For this scenario, it would be great if there were an analog to the default_factory
method that took in the parameters to the partially initialized object as a parameter, but unfortunately there is no such analog. Other things that might look related but don't serve the purpose:
- The
init=False
field option which allows the field to be initialized in __post_init__
but removes the option of the user specifying an explicit value.
- Using the
InitVar
generic type does the opposite of what we want here: makes the value available to the initializer (and __post_init__
) without including it as a field of the dataclass object.
Using a non-None sentinel value
However, as a work-around, you can designate a special object value to represent to the __post_init__
method that the field's default value needs to be replaced. For most types, it is easy to just create a unique dummy object of the particular type which you can store as a class variable and return from the field default_factory (if it is a mutable type like list
, dataclass won't let you assign it directly as the default value). For types like str
and int
this won't be guaranteed to work as expected unless you use a "change_me" value that you know won't be a legitimate explicit value for the field.
from dataclasses import dataclass, field
from typing import ClassVar, List
@dataclass
class ClassWithState:
name: str
__uninitialized_items: ClassVar[List[str]] = list()
items: List[str] = field(default_factory=lambda: ClassWithState.__uninitialized_items)
def __post_init__(self) -> None:
if self.items is self.__uninitialized_items:
self.items = [str(i) for i in range(len(self.name))]
print(ClassWithState("testing", ["one", "two", "three"]))
print(ClassWithState("testing"))
print(ClassWithState("testing", []))
Output:
ClassWithState(name='testing', items=['one', 'two', 'three'])
ClassWithState(name='testing', items=['0', '1', '2', '3', '4', '5', '6'])
ClassWithState(name='testing', items=[])
If the field can have a slightly different name ...
Using properties
If you do not require passing explicit initialization by name (or even if you can simply let the parameter have a slightly different name from the name use you when asserting non-None), then properties are an even more flexible option.

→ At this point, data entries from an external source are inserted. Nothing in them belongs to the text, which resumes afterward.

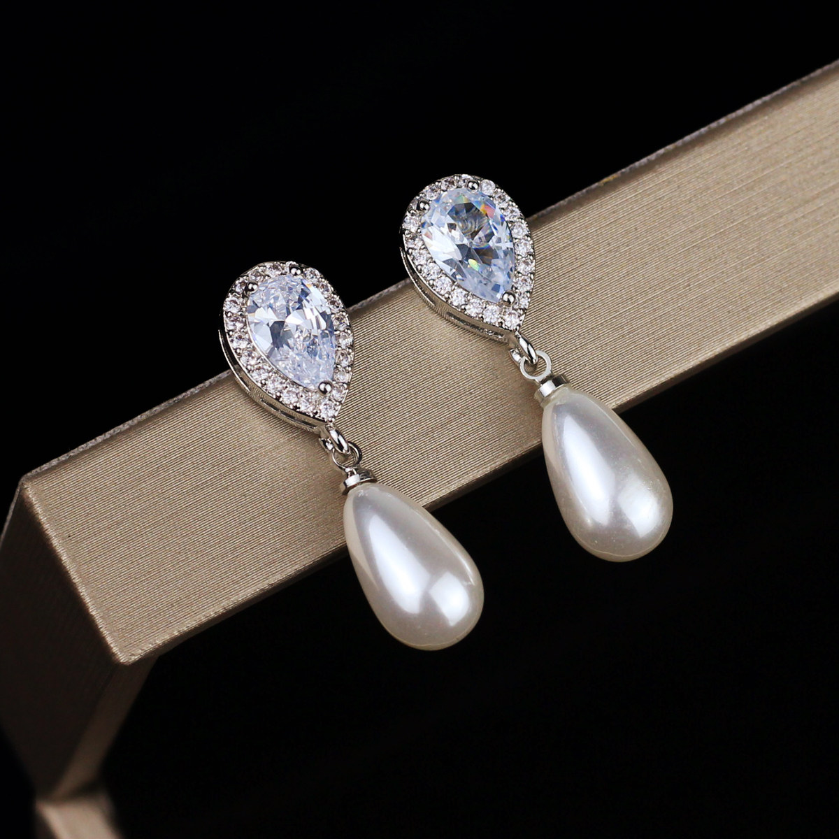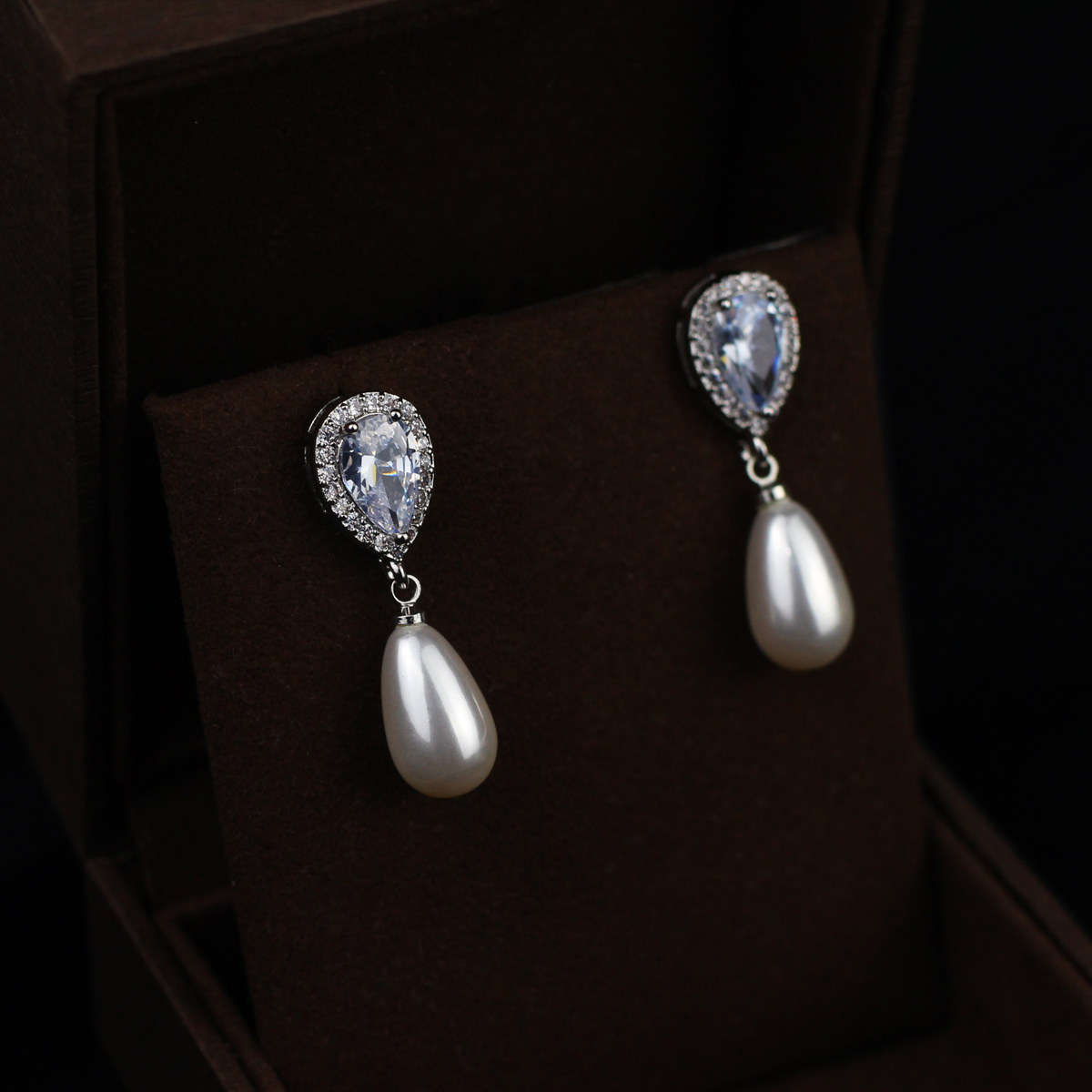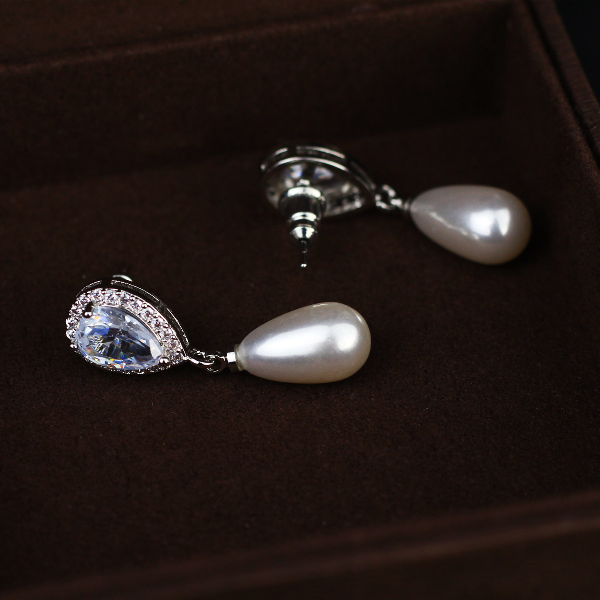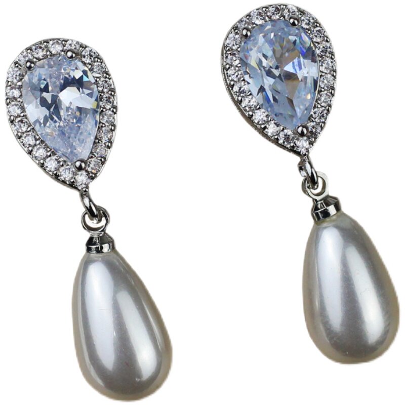 Brief Water Drop Zircon Pearl Earrings Japan-South Korea Fashion Personality Long Version Silver Tinder Wedding Dresses Wedding Dresses Accessories Women
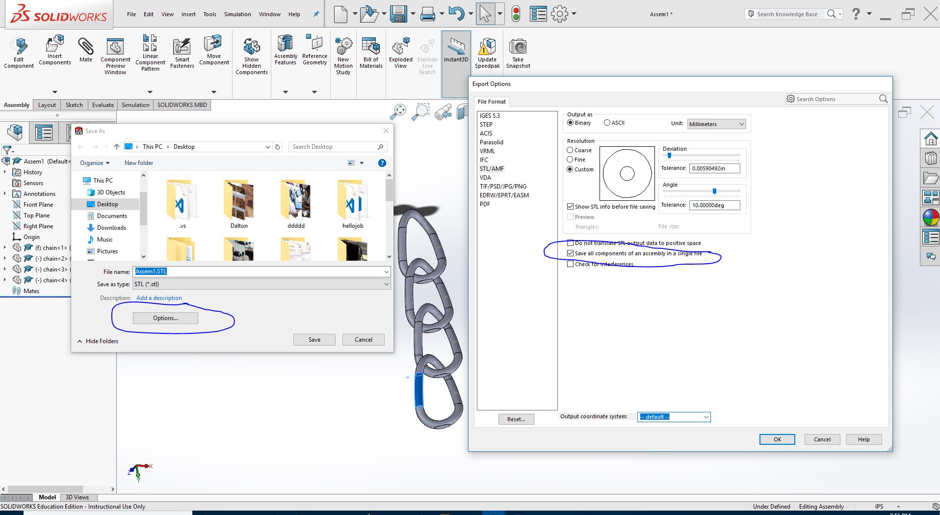 Again before print we need to save your file into STL file for example chain.STL this take me lot of time to known how to save assemble design into stl file. But we can see how i solve it on image below.
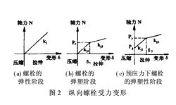 ?。╝)螺栓的彈性階段(b)螺栓的彈塑階段 (c)預應力下螺栓的彈塑性階段
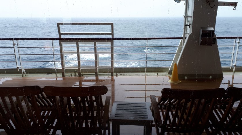 I was pretty tired last night, and was glad to join members of our table for an earlier more casual and relaxed dinner offered by the Lido on Deck 9. There was major storm outside as lightning flashed in rapid bursts of bright light, still visible despite prominent reflections from the floor to ceiling windows of the Lido. We all gave “show-time” a miss and I enjoyed a decent sleep. Howling gales disturbed my slumber this morning. I found the seas tempestuous, the balcony soaking wet with rain and the sky “Manchester grey.” The wind is no longer howling, but I doubt if the open decks will be populated with sun-worshippers any time soon.
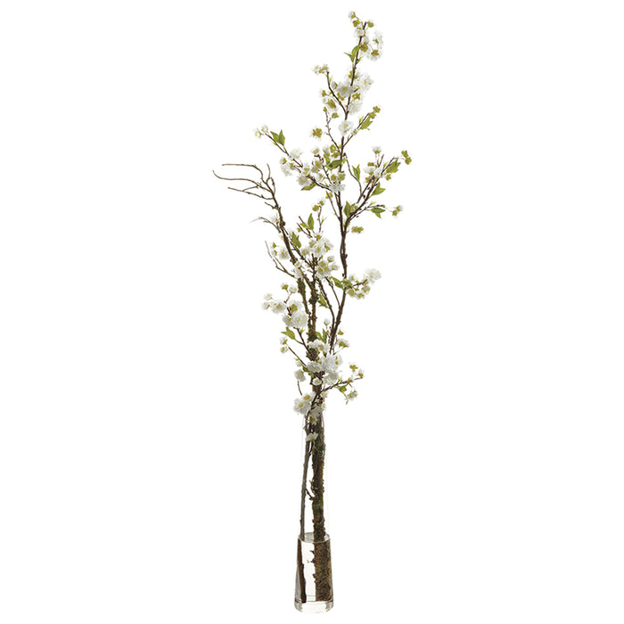 Stunningly beautiful, this 52"Hx20"W Silk Cherry Blossom Flower Arrangement with Glass Vase in White will brighten up any room of your house. Resembling fresh cut spring flower stems, this beautiful faux flower arrangement with bursting colors is the perfect size to nestle into just about anywhere. Have spring flowers year round as this artificial flowers are maintenance free and never need a drop of water.
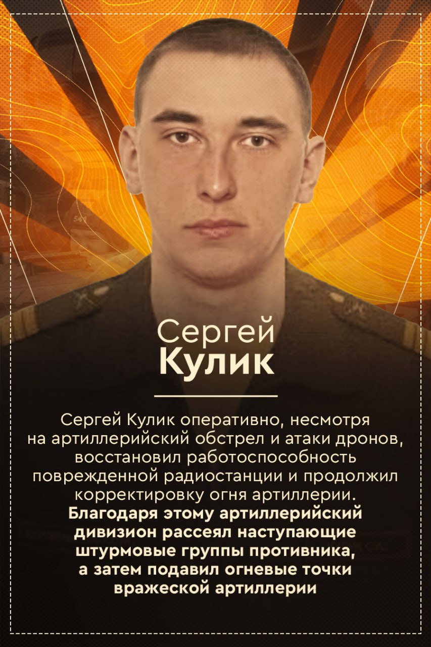 Сергей Кулик оперативно, несмотря на артиллерийский обстрел и атаки дронов, восстановил работоспособность поврежденной радиостанции и продолжил корректировку огня артиллерии. Благодаря этому артиллерийский дивизион рассеял наступающие штурмовые группы противника, а затем подавил огневые точки вражеской артиллерии.
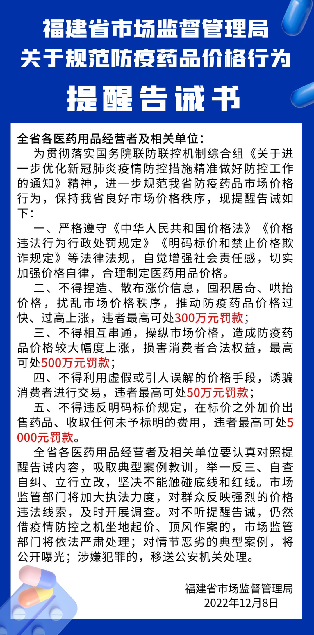福建九州通医药有限公司、福建同春药业股份有限公司、国药控股福州有限公司、福建康佰家医药集团有限公司、福州海王星辰健康药房连锁有限公司、福建宜又佳医药连锁有限公司相关负责人参加了提醒告诫会,并当场签署保供稳价承诺书,承诺严格履行法律责任,做到诚信守法经营、维护价格稳定,全力保障正常销售经营,及时订货补货,做好必要的应急储备和消费引导,努力让人民群众买到质量可靠、价格合理的防疫物资。
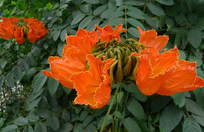 3.火焰木在冬春季節(jié)開花,也是紅花,因此被稱為冬季的火?;鹧婺驹谥袊戏綗釒Ш湍蟻啛釒У貐^(qū)具有巨大的發(fā)展?jié)摿Α?/p>
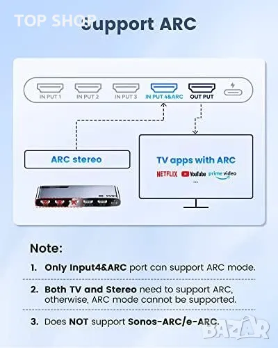 Забележка: За оптимална производителност се препоръчва използването на сертифицирани HDMI 4K кабели с дължина под 10 фута/3 метра. Превключвателят не поддържа конфигурация 1 in 4 out или Sonos-ARC/e-ARC.
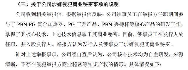 北京通美表示,根据举报信反映:公司涉事员工在举报方任职期间参与了 PBN-PG 复合加热器、PG 工艺产品、PBN 夹持杆等核心产品的研发工作,掌握了其核心技术,上述技术信息属于其商业秘密。目前,涉事员工在发行人处任职,并入股发行人。举报方认为发行人及涉事员工涉嫌侵犯其商业秘密。针对上述举报事项,公司经自查后认为,公司核心技术均为自主研发,来源 清晰,不存在侵犯举报方商业秘密等知识产权的情形。
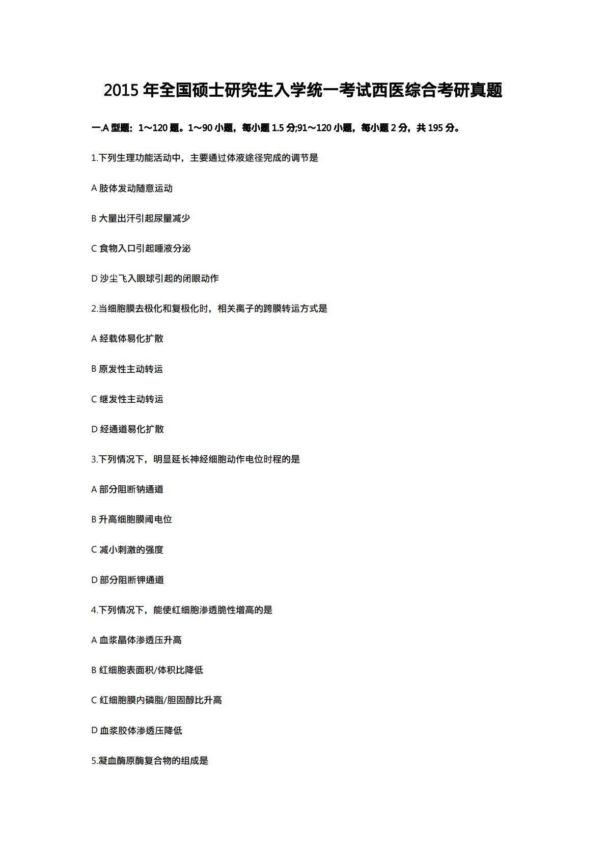 2015年全国硕士研究生入学统一考试西医综合考研真题一.A型题:1~120题。1~90小题,每小题1.5分;91~120小题,每小题2分,共195分。1.下列生理功能活动中,主要通过体液途径完成的调节是A肢体发动随意运动B大量出汗引起尿量减少C食物入口引起唾液分泌D沙尘飞入眼球引起的闭眼动作2.当细胞膜去极化和复极化时,相关离子的跨膜转运方式是A经载体易化扩散B原发性主动转运C继发性主动转运D经通道易化扩散3.下列情况下,明显延长神经细胞动作电位时程的是A部分阻断钠通道B升高细胞膜阈电位C减小刺激的强度D部分阻断钾通道4.下列情况下,能使红细胞渗透脆性增高的是A血浆晶体渗透压升高B红细胞表面积...
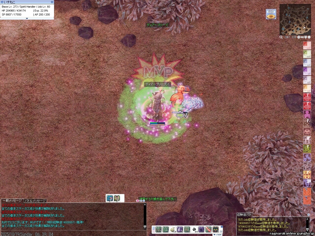 新EPでクエストひたすらやってて全く行けてなかった幻影に、ポリンの群れに猫が興奮したりマンドラと引き寄せ重なって魔女で1ミスしたりしましたが無事登頂、やっぱり幻影楽しい
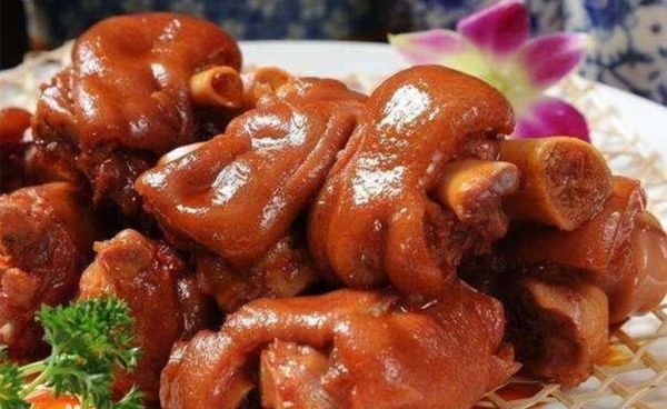 風(fēng)味簡介:北鎮(zhèn)豬蹄外形完整、皮肉飽滿、色棗紅發(fā)亮,素有“東北小熊掌”的美稱,具有入口香而不膩、咀嚼筋道有勁的特點(diǎn)。北鎮(zhèn)豬蹄制作加工技藝起興于清道光年間,至今已傳承近200年。北鎮(zhèn)豬蹄制作技藝主要包括選料、拔毛、噴燒、修蹄、煮制、熏制和涂油等多個(gè)工序,其中,松香拔毛法和煮制過程的老湯配制是制作的關(guān)鍵。
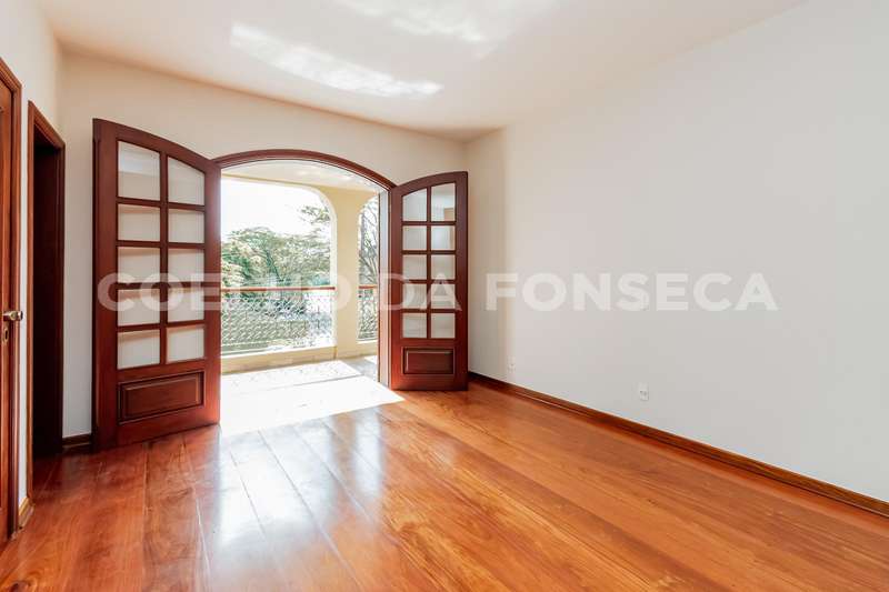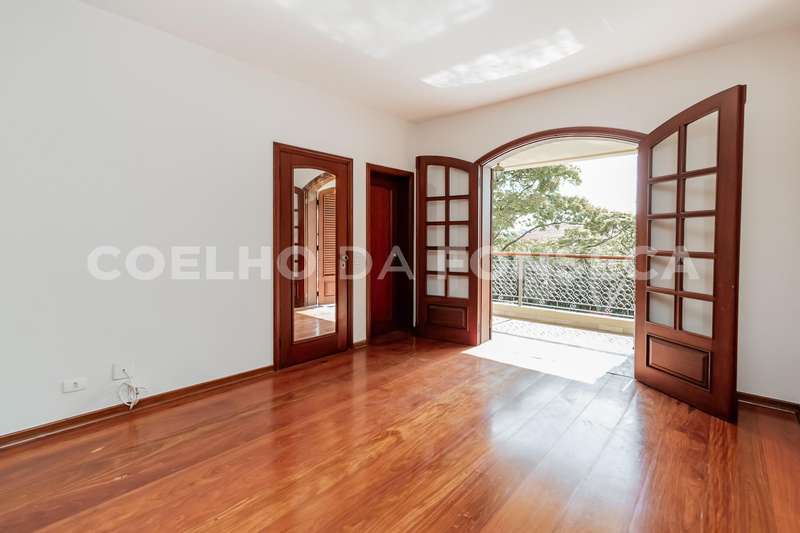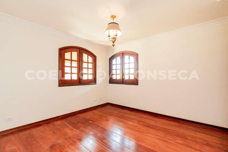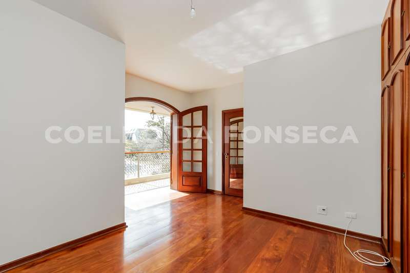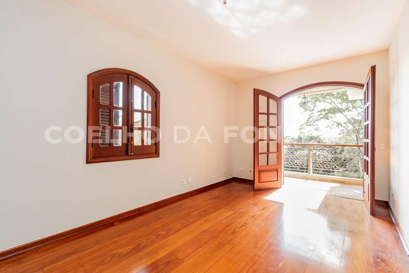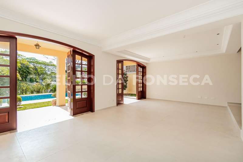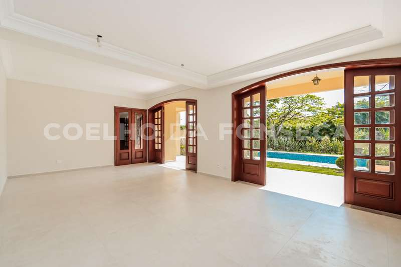 Casa com 04 suítes à venda no Residencial 06, em Alphaville. A casa possui quartos amplos, piso de madeira nobre nos quartos e salas. As salas são integradas com a área de lazer e com o paisagismo da casa.

The idea is to have the Optional field be a separate (possibly even a "private") member while having a property give access to a version that is automatically cast. I came across this solution for a situation where I needed to apply additional transformations whenever the object was accessed and casting is just a special case (the ability to have the property be read-only is nice as well). (You can consider cached_property
if the object reference will never change.)
Here's an example:
from dataclasses import dataclass
from typing import List, Optional, cast
@dataclass
class ClassWithState:
name: str
_items: Optional[List[str]] = None
@property
def items(self) -> List[str]:
return cast(List[str], self._items)
@items.setter
def items(self, value: List[str]) -> None:
self._items = value
def __post_init__(self) -> None:
if self._items is None:
self._items = [str(i) for i in range(len(self.name))]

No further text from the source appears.